Domain names are mostly relevant to the description, but the names are being repeated also, such as "boardgame" and some kind of random words are being used, such as "joko", "jumi" which do not help with brandability.

In [61]:
generation_config = GenerationConfig(do_sample=True, temperature=0.6, top_p=0.95, top_k=20, min_p=0)
messages = [
    {'role': 'user',
     'content': prompt + business_description_example + business_description_example_2 + business_description_example_3 + business_description}
]
start_time = time.time()
text = tokenizer.apply_chat_template(
    messages,
    tokenize=False,
    add_generation_prompt=True,
    enable_thinking=True  # Switches between thinking and non-thinking modes. Default is True.
)
model_inputs = tokenizer([text], return_tensors='pt').to(model.device)

# conduct text completion
generated_ids = model.generate(
    **model_inputs,
    generation_config=generation_config,
    max_new_tokens=1000
)
output_ids = generated_ids[0][len(model_inputs.input_ids[0]):].tolist()

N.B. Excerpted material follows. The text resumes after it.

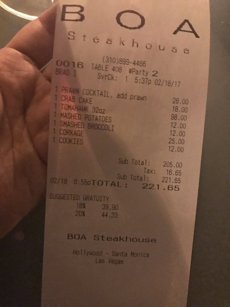 boa steakhouse price
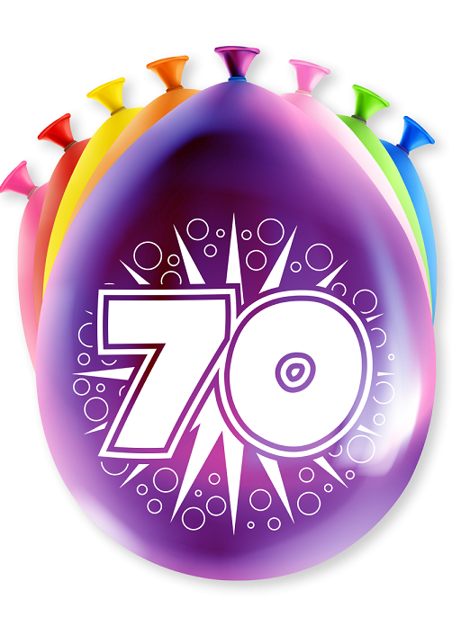 Zak kleurrijke ballonnen met opdruk 70 jaar.

# parsing thinking content
try:
    # rindex finding 151668 (</think>)
    index = len(output_ids) - output_ids[::-1].index(151668)
except ValueError:
    index = 0

thinking_content = tokenizer.decode(output_ids[:index], skip_special_tokens=True).strip('\n')
content = tokenizer.decode(output_ids[index:], skip_special_tokens=True).strip('\n')

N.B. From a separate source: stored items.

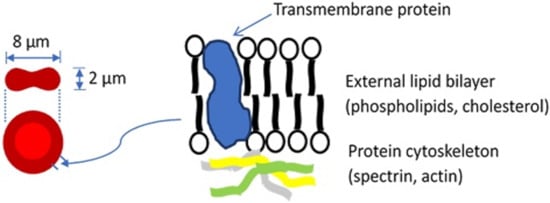 Blood constitutes about 8% of an average adult’s body weight and its role is to transport material to and from tissue, prevent fluid loss, and defend the body. Blood is a mixture of plasma, which makes up 55% of blood’s volume, and blood cells, which make up the remaining 45%. While plasma consists of water, proteins, inorganic salts, and organic substances, blood cells include white blood cells (leukocytes, WBCs), platelets, and red blood cells (erythrocytes, RBCs). The most abundant cells in vertebrate blood are RBCs. A human RBC is a nucleus-free cell with a lipid bilayer membrane over a protein cytoskeleton encapsulating a hemoglobin solution (Figure 1). Because of the fluidic nature of hemoglobin and the elastic nature of the RBC membrane, the RBC is capable of dramatic deformations and it exhibits rich dynamics, while the membrane surface area and volume remain constant [1,2,3].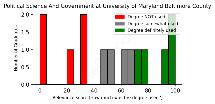 First, some facts. Of the Political Science And Government graduates from University of Maryland Baltimore County we've analyzed , here's how many have used (or NOT used) their degree in their career: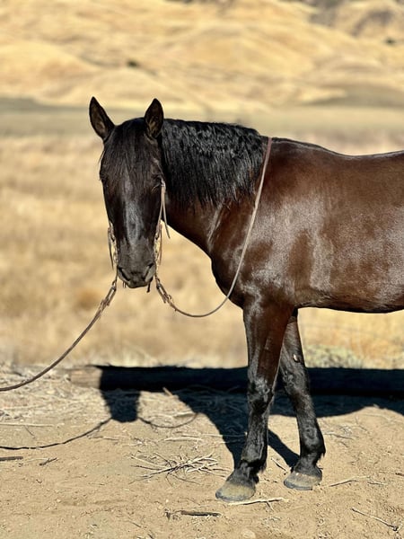 ONLINE AUCTION Place your bids at www.PlatinumEquineAuction.com Starting Bid $3500 Auction ends December 1st, 2024 Need a new saddle? Check out White Rock Saddles on our website or Facebook! Cuervo is a 10yr old titled BLM mustang off the Stone Cabin, NV HMA. He stands 14.2HH and has thick bone and a strong build. When I tell you, you won’t find a better trail stead I mean it! Cuervo is an absolute blast to ride long rides with your friends, or adventure alone. Being raised out in the steep terrain he is the epitome of sure footed and SAFE! He will travel through literally anything and never take a wrong step. He navigates through steep drops, rushing rivers, tree limbs, and rocks like a dream. Cuervo loves to go explore and always is the best mannered guy. He can lead the pack, stay in the middle, follow up the hind, or venture off alone and he will be content in any situation. Nothing phases him, he stays sane and quiet in all scenarios. We have carried flags, gone over tarps, and he is a natural pro at the trail course obstacles. Cuervo never refuses, or bocks at anything. He is the most willing, calm minded horse I have ever been around. We have also exposed him to roping and cattle and he has taken a liking to it and shows promise! He respects leg pressure, has the lightest touch neck rein handle, knows his leads and has pretty circles in the arena. He has an easy stop and reverses with light pressure. This guy can be left off and never change his sweet calm demeanor. He has no spook, no buck and no bolt making him a choice for any level rider. Cuervo always stands patiently tied for tacking, grooming and bathing. He will let you clip every hair on his body, face and ears no problem. Cuervo stands amazing for the farrier and has GREAT solid black feet that are easily maintained. He can load up in the trailer all by himself and back out easily. He’s been pastured with multiple horses or stalled alone. He doesn’t get buddy OR barn sourness. Cuervo is the definition of fun, safe and sane! If you’re a person wanting to be competitive in trail versatility competitions this is the guy for you! He would also accommodate anyone just wanting to maximize their joy of riding! We know you’ll love Cuervo just as much as we do! For any more information, please contact Cheyenne Rey 831-537-8746. He is located in Bitterwater, CA. ONLINE AUCTION Place your bids at www.PlatinumEquineAuction.com Starting Bid $3500 Auction ends December 1st, 2024 Need a new saddle? Check out White Rock Saddles on our website or Facebook!

print('thinking content:', thinking_content)
print('content:', content)
print('Time taken:', time.time() - start_time)

thinking content: <think>
Okay, let's see. The user wants me to generate 10 domain names based on a business description. The business is a specialized online marketplace for small Japanese board games. The domain names need to be short, catchy, easy to spell, available in common extensions like .com, .store, .shop, and avoid hyphens or numbers unless necessary.

First, I need to make sure each domain name is unique and fits the theme. The user provided some examples, so I should check if they already have those. The first business description is about AI for retail, so the next one is about digital marketing, then fitness studio, and finally Japanese board games.

Starting with the Japanese board games. Words like "zen," "yog" (yoga), "mindful," "serenity," "holy," "peaceful," "tranquil," "holistic," "peaceful." Maybe combine these with common extensions. For example, "zenboardstore.org" uses "zen" and "store," which is a common extension. "mindfulgames.com" uses "mindful" and "games.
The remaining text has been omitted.